No hacer nada, detenerse frente a lo necesario e inevitable implica también aceptar que esa decisión tiene inexorables ramificaciones para todos. Los eventuales damnificados a los que se intenta proteger deberán postergar la oportunidad de hacer lo correcto y arrancar la nueva era cuanto antes. No se extirpa un tumor por etapas aduciendo que es menos doloroso. Se toma la decisión de enfrentar el problema con coraje y se asumen los riesgos, el circunstancial daño emergente, siempre sabiendo también que hacerlo ahora es mucho mejor que posponerlo indefinidamente. El único caso en el que se decide no hacer nada es cuando se considera que el paciente está en una fase terminal y no tiene chance alguna de sobrevivir. Allí se opta por garantizar calidad de vida acortando los tiempos de supervivencia. Si el diagnóstico de la política es que administran un enfermo sin futuro, sería bueno que lo digan. Si, por el contrario, como suelen recitar, el porvenir es sinónimo de éxito, es hora de apurar el tranco, porque a este ritmo dilapidarán las oportunidades de corregir errores.

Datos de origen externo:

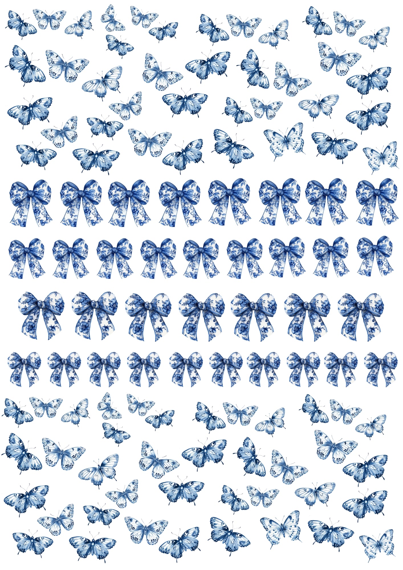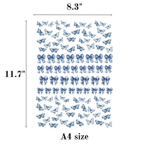 A4 Easter Bows & Butterflies Candle Tattoo Stickers — Blue Chinoiserie Design .Bring a soft, elegant Easter touch to your candles and gypsum décor with this A4 sheet of Blue Chinoiserie Bows & Butterflies Candle Tattoo Stickers. Designed with delicate hand-drawn butterflies and ornate floral bows, this sheet is perfect for creating charming spring candles, Easter collections, and gift-ready décor pieces.These water-transfer decals are easy to apply and deliver a smooth, professional finish — ideal for candle makers, DIY creators, and anyone who loves refined seasonal designs.And as always, these stickers are perfect for candles and gypsum art.
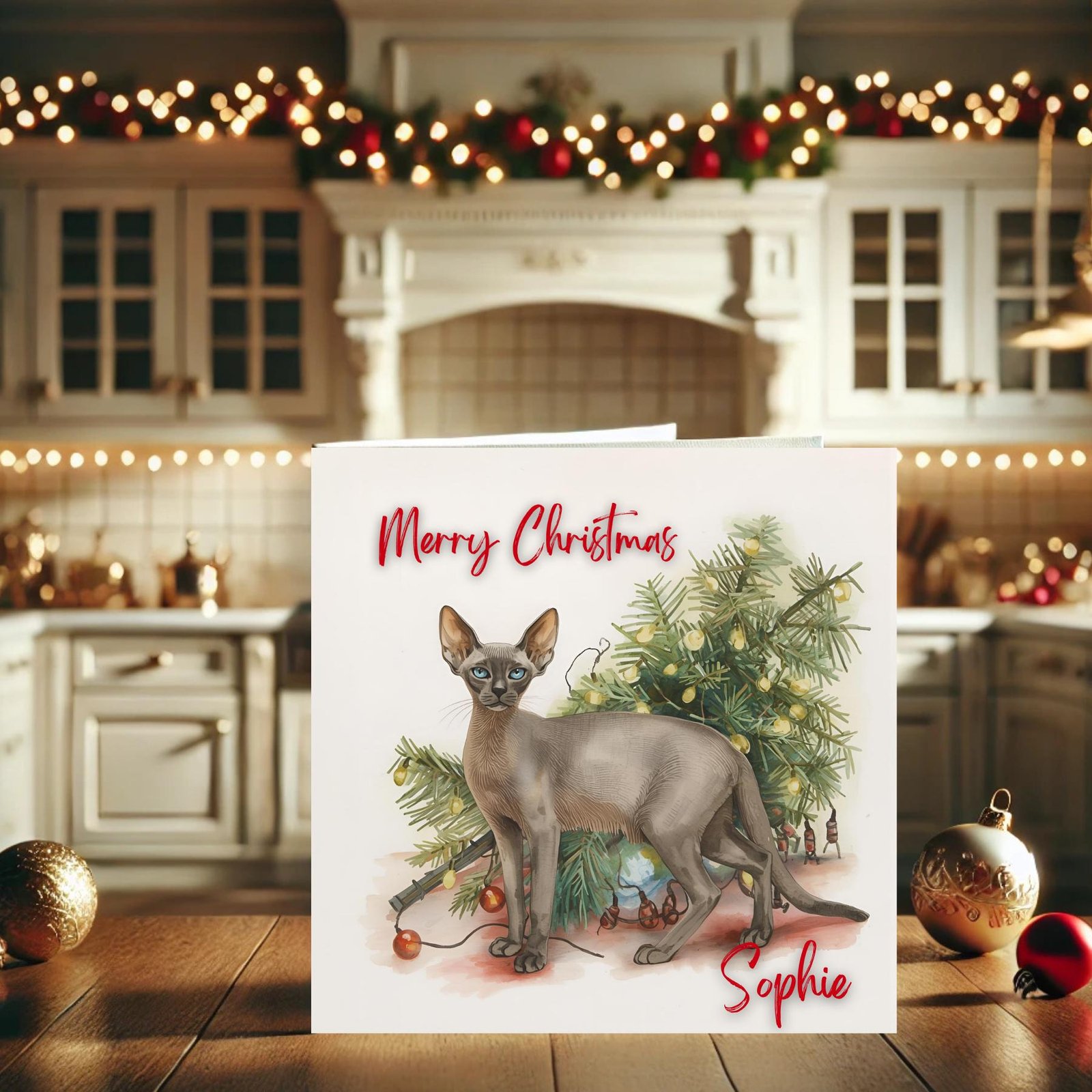 This personalised Christmas Card captures the peaceful charm of the season with a beautifully illustrated Sphynx cat surrounded by soft holiday lights and winter greenery. Professionally printed with care, every card is designed to feel meaningful, warm, and truly personal. It is a lovely way to share joy with family, friends, or any pet lover who appreciates heartfelt moments during the holidays.

La sociedad tiene enormes responsabilidades en esta parodia. No se puede vivir en el Primer Mundo sin hacer significativos sacrificios, con cobardía y gradualismo. Es hipócrita creer que se pueden conseguir grandes logros sin atravesar contingencia alguna. Si se desea prosperar, hay que estar dispuestos a hacer todos los deberes.
Esta situación actual no es mérito exclusivo de la dirigencia política, sino también de esta sociedad que declama ampulosamente algo que luego no puede sostener con actitudes individuales concretas. Parecería que quienes dicen aspirar a los cambios no lo desean con tanto fervor. Cierta actitud timorata, ambigua, repleta de dudas y contradicciones invade las mentes de quienes desean progresar, mientras prefieren permanecer en la zona de confort que les ofrece la continuidad infinita.
Es posible que la victoria final esté a la vuelta de la esquina, pero no se llega hasta allí con ridículos zigzagueos, posturas temerosas y midiendo cada paso. La meta soñada requiere valentía y claridad suficiente, ya no sólo para alcanzarla, sino para intentar recorrer ese trayecto con convicción. La discusión política prosigue casi sin sentido. Por ahora el gradualismo gana la batalla. Sería bueno que los que apoyan esa visión comprendan que los supuestos perjuicios que pretenden evitar son reales y siguen allí. Aunque no puedan visualizarlo, existe el costo de oportunidad de la dilación.